So what is the difference between R and RStudio? Here is an analogy to start us off. Imagine you are a chef, and you have to prepare a meal. You’ll need a place to work (a kitchen), you’ll need some tools (pots, pans, a knife, etc), and you’ll need some ingredients. In this analogy, R is a good chef’s knife - one of the most important tools that you’ll use to accomplish your task.

And if R is your chef’s knife, RStudio is your kitchen. RStudio provides a place to do your work! RStudio makes your life as a researcher easier by bringing together other tools you need to do your work efficiently - like a file browser, data viewer, help pages, terminal, community, support, the list goes on. So it’s not just the infrastructure (the user interface or IDE), although it is a great way to learn and interact with your variables, files, and interact directly with git. It’s also data science philosophy, R packages, community, and more.

(and in this analogy, your ingredients are data!)

R without RStudio?

Just as you can prepare food without a kitchen, we could learn R without RStudio, but that’s not what we’re going to do. RStudio makes it much easier to work with R, just as a well stocked kitchen makes cooking more fun. We are going to take advantage of the great RStudio support, and learn R and RStudio together.

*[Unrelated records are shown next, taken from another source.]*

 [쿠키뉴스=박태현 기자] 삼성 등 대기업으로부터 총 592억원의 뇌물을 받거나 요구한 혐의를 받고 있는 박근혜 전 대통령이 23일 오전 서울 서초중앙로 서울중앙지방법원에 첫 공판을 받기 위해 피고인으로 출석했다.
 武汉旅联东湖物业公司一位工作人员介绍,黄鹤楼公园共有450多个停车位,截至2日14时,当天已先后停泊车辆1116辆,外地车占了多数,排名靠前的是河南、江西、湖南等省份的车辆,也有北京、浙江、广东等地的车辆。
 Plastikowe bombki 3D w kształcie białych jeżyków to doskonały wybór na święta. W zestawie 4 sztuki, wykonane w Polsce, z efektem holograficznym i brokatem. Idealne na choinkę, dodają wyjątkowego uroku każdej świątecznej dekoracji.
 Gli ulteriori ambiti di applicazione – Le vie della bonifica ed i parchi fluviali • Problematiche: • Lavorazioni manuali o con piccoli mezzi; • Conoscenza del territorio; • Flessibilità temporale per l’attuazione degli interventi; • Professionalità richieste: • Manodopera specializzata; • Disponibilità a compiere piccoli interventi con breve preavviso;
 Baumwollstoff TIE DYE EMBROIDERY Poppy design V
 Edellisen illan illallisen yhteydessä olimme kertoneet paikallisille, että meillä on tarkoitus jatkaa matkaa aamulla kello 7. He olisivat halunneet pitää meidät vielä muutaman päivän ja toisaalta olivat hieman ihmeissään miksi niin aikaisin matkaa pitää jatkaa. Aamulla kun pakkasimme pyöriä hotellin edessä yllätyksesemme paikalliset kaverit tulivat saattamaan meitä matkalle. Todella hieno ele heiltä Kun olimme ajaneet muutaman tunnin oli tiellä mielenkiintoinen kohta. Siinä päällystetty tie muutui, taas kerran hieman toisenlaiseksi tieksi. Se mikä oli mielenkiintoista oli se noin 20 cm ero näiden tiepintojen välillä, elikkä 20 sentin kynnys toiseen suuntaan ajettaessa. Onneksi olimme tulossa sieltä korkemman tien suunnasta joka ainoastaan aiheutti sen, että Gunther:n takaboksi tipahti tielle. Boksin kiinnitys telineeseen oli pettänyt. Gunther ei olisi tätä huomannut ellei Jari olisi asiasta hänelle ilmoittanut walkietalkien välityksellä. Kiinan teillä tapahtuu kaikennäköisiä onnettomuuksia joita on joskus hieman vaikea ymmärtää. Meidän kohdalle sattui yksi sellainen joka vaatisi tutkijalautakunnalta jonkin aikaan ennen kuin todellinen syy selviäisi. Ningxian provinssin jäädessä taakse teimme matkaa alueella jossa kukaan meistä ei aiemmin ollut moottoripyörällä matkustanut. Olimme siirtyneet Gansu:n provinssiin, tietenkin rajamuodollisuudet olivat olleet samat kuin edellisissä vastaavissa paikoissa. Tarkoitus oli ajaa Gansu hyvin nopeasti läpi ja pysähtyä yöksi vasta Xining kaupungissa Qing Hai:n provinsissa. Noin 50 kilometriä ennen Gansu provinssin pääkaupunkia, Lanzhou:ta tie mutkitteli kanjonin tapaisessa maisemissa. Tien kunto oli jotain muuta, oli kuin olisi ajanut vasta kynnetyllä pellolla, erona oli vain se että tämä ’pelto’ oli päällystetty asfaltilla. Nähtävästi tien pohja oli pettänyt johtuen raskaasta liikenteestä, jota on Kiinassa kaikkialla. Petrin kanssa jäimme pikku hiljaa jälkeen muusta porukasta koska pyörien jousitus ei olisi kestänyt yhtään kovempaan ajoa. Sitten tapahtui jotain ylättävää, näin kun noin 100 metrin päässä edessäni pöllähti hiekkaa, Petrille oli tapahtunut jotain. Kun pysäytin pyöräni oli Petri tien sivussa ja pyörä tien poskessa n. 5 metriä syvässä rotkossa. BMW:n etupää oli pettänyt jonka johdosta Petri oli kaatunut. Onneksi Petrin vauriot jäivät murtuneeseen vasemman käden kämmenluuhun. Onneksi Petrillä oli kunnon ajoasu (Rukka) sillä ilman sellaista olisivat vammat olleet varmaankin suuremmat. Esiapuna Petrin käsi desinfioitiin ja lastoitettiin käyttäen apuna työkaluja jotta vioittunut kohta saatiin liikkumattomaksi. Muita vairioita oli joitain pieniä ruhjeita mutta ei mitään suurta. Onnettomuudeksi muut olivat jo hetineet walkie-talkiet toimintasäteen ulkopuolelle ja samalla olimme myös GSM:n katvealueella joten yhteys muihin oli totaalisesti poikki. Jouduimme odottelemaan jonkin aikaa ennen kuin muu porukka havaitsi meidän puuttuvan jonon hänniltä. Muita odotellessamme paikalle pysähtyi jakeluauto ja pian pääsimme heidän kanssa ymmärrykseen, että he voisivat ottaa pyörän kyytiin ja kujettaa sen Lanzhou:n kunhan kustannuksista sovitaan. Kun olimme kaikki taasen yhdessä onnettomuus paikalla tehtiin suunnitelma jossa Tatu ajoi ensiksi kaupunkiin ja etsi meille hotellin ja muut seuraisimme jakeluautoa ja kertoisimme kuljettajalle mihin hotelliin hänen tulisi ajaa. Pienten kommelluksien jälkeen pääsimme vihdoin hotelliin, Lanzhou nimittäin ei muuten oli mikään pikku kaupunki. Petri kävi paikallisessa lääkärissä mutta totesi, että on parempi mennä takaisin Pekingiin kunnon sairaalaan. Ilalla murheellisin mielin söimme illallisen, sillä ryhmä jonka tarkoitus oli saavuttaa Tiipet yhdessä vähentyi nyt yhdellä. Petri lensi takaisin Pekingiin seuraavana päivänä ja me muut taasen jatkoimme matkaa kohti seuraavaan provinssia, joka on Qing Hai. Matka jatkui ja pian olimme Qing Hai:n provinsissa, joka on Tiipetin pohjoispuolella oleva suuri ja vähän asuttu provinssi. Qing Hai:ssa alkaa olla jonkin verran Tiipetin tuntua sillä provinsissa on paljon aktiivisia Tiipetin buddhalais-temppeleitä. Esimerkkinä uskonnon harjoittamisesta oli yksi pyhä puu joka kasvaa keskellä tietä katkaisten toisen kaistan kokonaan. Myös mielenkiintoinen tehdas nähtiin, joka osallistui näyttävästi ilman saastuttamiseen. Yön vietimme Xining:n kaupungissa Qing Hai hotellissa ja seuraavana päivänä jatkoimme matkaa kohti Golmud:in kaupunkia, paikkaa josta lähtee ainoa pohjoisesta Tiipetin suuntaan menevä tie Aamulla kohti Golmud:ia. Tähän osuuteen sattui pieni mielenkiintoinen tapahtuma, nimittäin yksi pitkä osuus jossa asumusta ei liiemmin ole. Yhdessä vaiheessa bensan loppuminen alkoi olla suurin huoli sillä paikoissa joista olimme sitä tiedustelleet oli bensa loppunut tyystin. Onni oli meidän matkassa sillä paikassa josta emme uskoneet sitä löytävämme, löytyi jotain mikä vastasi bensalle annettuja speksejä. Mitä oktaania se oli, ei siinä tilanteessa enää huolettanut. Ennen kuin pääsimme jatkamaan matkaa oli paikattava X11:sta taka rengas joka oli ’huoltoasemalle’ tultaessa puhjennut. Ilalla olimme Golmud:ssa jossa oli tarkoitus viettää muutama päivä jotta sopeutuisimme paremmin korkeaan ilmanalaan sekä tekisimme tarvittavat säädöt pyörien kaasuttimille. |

New to coding? new to R? No worries!

Something else to start us off is to mention that you are learning a new language here. It’s an ongoing process, it takes time, you’ll make mistakes, it can be frustrating, but it will be overwhelmingly awesome in the long run. We all speak at least one language; it’s a similar process, really. And no matter how fluent you are, you’ll always be learning, you’ll be trying things in new contexts, learning words that mean the same as others, etc, just like everybody else. And just like any form of communication, there will be miscommunication that can be frustrating, but hands down we are all better off because of it.

While language is a familiar concept, programming languages are in a different context from spoken languages and you will understand this context with time. For example: you have a concept that there is a first meal of the day, and there is a name for that: in English it’s “breakfast.” So if you’re learning Spanish, you could expect there is a word for this concept of a first meal. (And you’d be right: “desayuno”). We will get you to expect that programming languages also have words (called functions) for concepts as well. You’ll soon expect that there is a way to order values numerically. Or alphabetically. Or search for patterns in text. Or calculate the median. Or reorganize columns to rows. Or subset exactly what you want. We will get you to increase your expectations and learn to ask and find what you’re looking for.

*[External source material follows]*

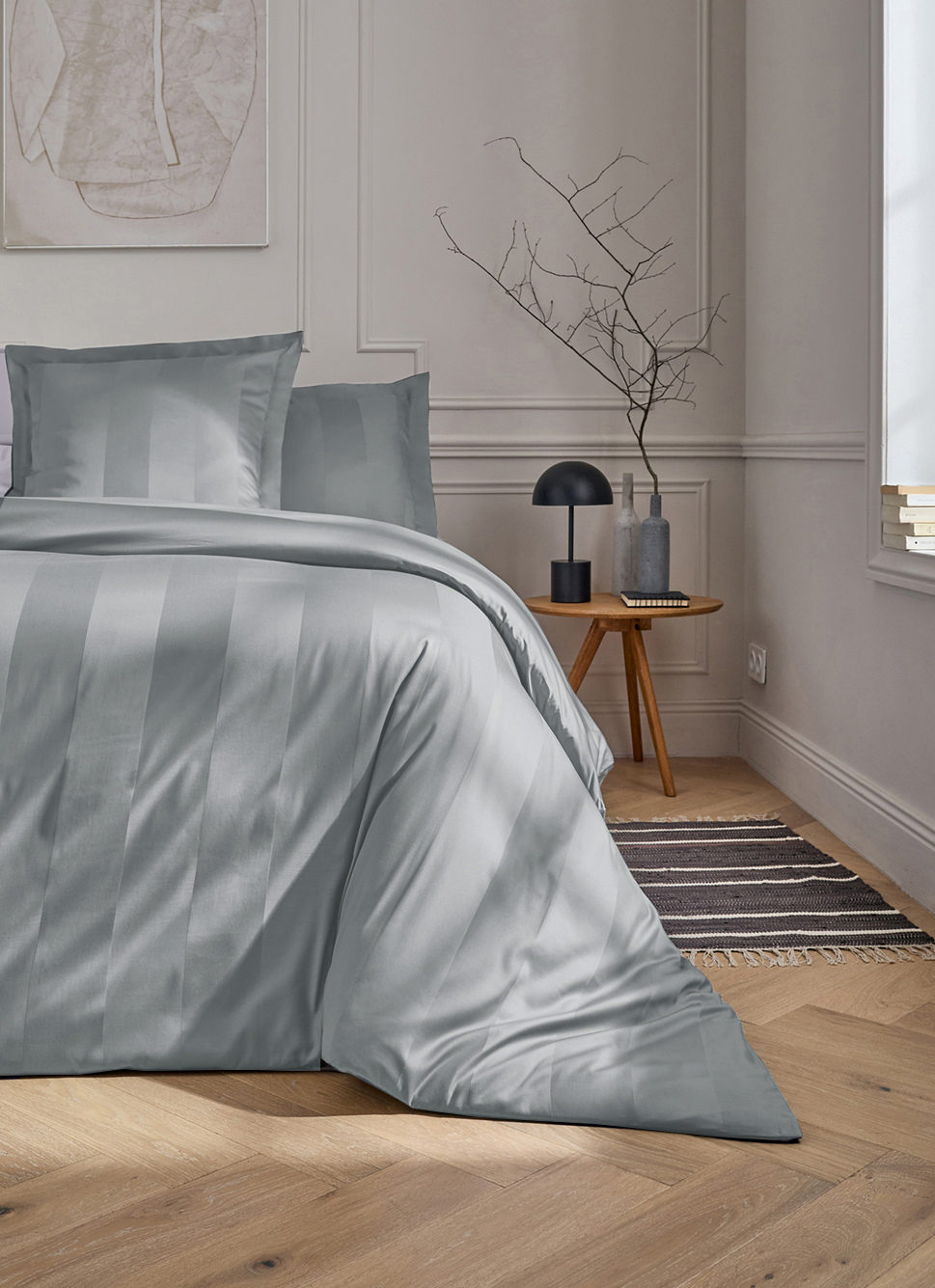 HOUSSE DE COUETTE RAYÉE EN SATIN DE COTON GLACIER

2 Using R within the RStudio IDE

Let’s take a tour of the RStudio interface.

Full Screen

2.1 Objects in R

Let’s say the value of 12 that we got from running 3 * 4 is a really important value we need to keep. To keep information in R, we need to create an object. The way information is stored in R is through objects.

We can assign a value of a mathematical operation (and more!) to an object in R using the assignment operator, <- (greater than sign and minus sign). All objects in R are created using the assignment operator, following this form: object_name <- value.

Exercise 1

Create an object!

Assign your favorite number to an object called fave_num. Then, create an object called fave_squared and assign the square of fave_num (use the superscript, like 5^2), and inspect the object.

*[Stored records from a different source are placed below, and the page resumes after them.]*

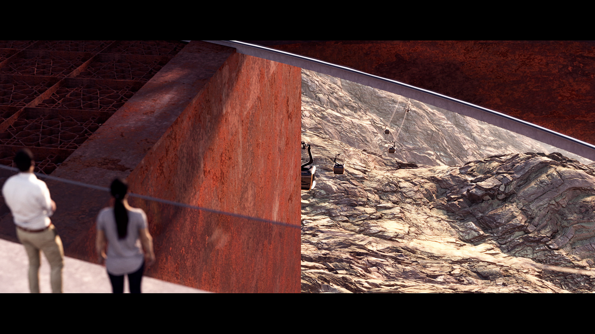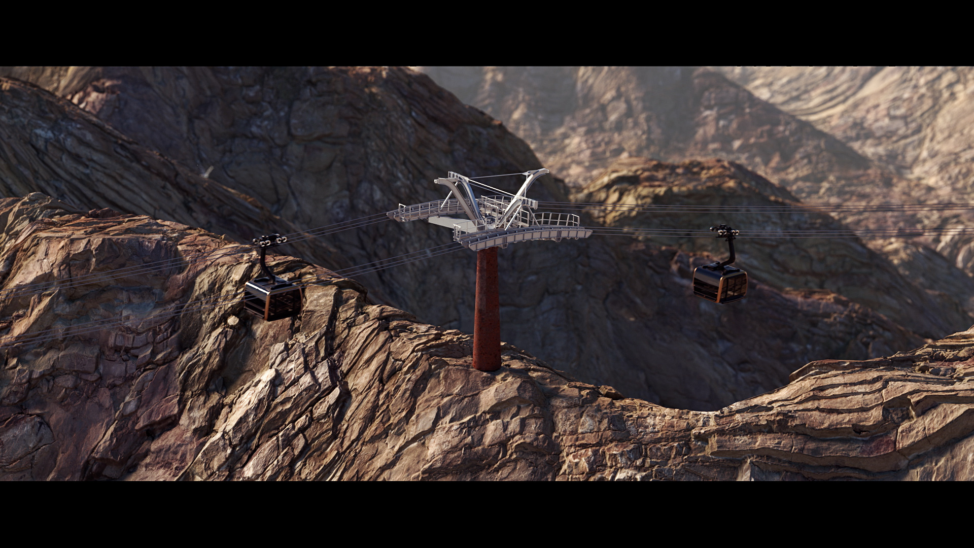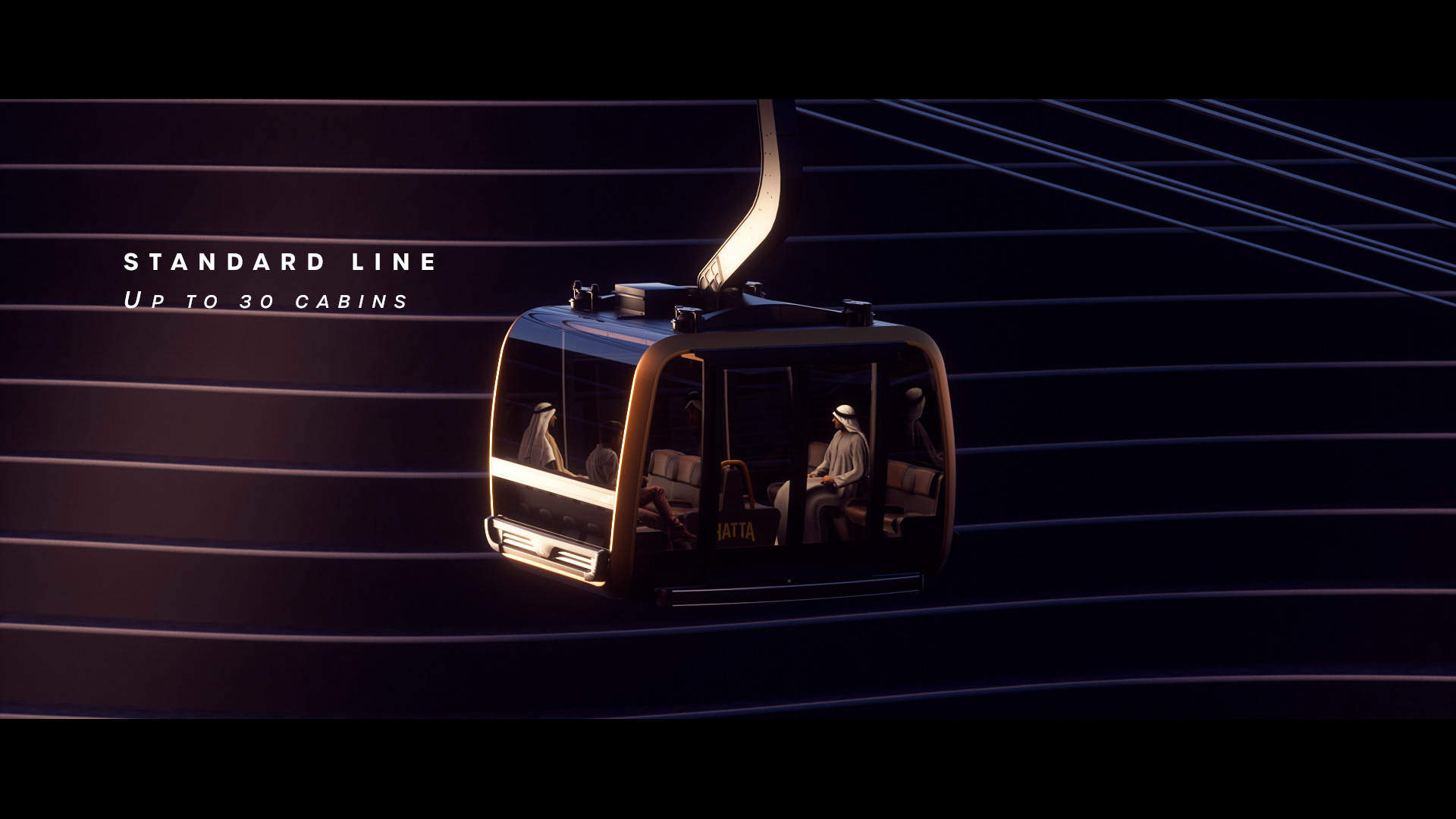 Extrait en animation 3D de la vidéo commerciale de présentation du projet architectural de transport par câble à Dubaï.
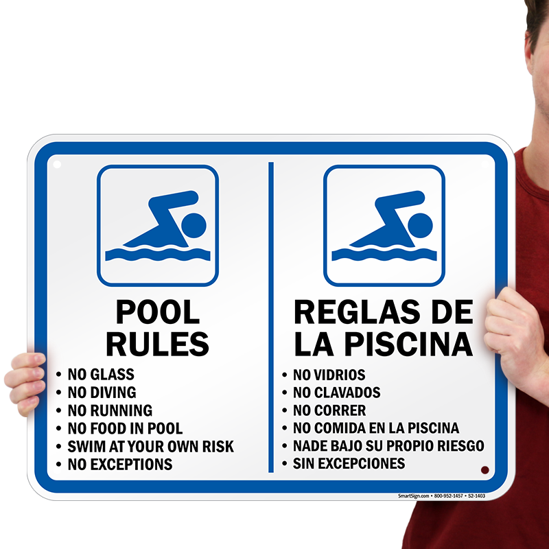 Bilingual Pool Sign: Swimming Pool Rules/Reglas De La Piscina with Graphic S2-1403 Learn More...
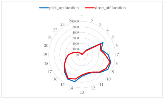 In this research, Bojnourd’s GPS taxis data was used for the spatial-temporal modeling of the urban population. After processing the data, the number of generated trips, which included the number of pick-up locations, and the absorbed trips, which included the number of drop-off locations, per hour was obtained. Figure 3 depicts the number of pick-up and drop-off locations per hour.
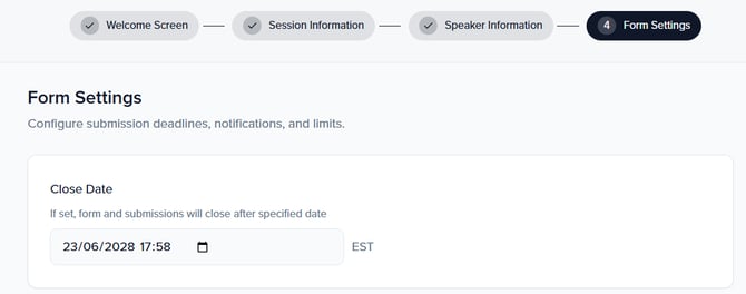 If you prefer more control over how new speakers are added, you can build a session portal form specifically for collecting additional speaker details. Unlike reopening the submission form, this method routes new information to the admin team for review before adding speakers to a session.
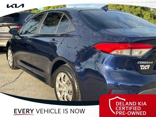 Recent Arrival! CARFAX One-Owner. Black 2021 Toyota Corolla LE0 MONEY DOWN AVAILABLE***, LIFETIME OIL CHANGES, CARFAX ACCIDENT FREE, Florida Driven, Backup Camera, Apple CarPlay/Android Auto, Auto High-beam Headlights, Automatic temperature control, Remote keyless entry, Steering wheel mounted audio controls.Black Cloth interior.30/38 City/Highway MPGDeland Kia, We're Closer Than You Think!!!! Se habla Espanol!!Equipped with Apple CarPlay/Android Auto, Auto High-beam Headlights, Automatic temperature control, Remote keyless entry, Steering wheel mounted audio controls, 4-Wheel Disc Brakes, 6 Speakers, ABS brakes, Air Conditioning, AM/FM radio: SiriusXM, Brake assist, Bumpers: body-color, Delay-off headlights, Driver door bin, Driver vanity mirror, Dual front impact airbags, Dual front side impact airbags, Electronic Stability Control, Emergency communication system: Safety Connect with 1-year trial, Exterior Parking Camera Rear, Four wheel independent suspension, Front anti-roll bar, Front Bucket Seats, Front Center Armrest, Front reading lights, Fully automatic headlights, Illuminated entry, Knee airbag, Low tire pressure warning, Occupant sensing airbag, Outside temperature display, Overhead airbag, Panic alarm, Passenger door bin, Passenger vanity mirror, Power door mirrors, Power steering, Power windows, Premium Fabric Seat Trim, Radio data system, Radio: Audio, Rear anti-roll bar, Rear seat center armrest, Rear side impact airbag, Rear window defroster, Security system, Speed control, Split folding rear seat, Tachometer, Telescoping steering wheel, Tilt steering wheel, Traction control, Trip computer, Variably intermittent wipers, and Wheels: 16'' Wide Vent Steel.

### think of this code as someone saying "fave_num gets 42".
fave_num <- 42

### and then square it
fave_squared <- fave_num^2
fave_squared
[1] 1764

Notice how after creating the fave_num object, R doesn’t print anything. However, we know our code worked because we see the object, and the value we wanted to store is now visible in our Global Environment. We can force R to print the value of the object by calling the object name (aka typing it out) or by using parentheses.

### printing the object by calling the object name
fave_squared
[1] 1764
### printing the object by wrapping the assignment syntax in parentheses
(fave_squared <- fave_num^2)
[1] 1764
Autocomplete

When you begin typing an object name RStudio will automatically show suggested completions for you that you can select by hitting tab, then press return.

Up/down arrow to recall previous commands

When you’re in the Console use the up and down arrow keys to call your command history, with the most recent commands being shown first.

2.2 Naming Conventions

Before we run more calculations, let’s talk about naming objects. For the object fave_num we used an underscore to separate the object name. This naming convention is called snake case. There are other naming conventions including, but not limited to:

  • we_used_snake_case
  • someUseCamelCase
  • SomeUseUpperCamelCaseAlsoCalledPascalCase

Choosing a naming convention is a personal preference, but once you choose one, or your collaborative team chooses one - be consistent! A consistent naming convention will increase the readability of your code for others and your future self.

Rules for object names

Object names cannot start with a numeric digit and cannot contain certain characters such as commas, spaces, or hyphens.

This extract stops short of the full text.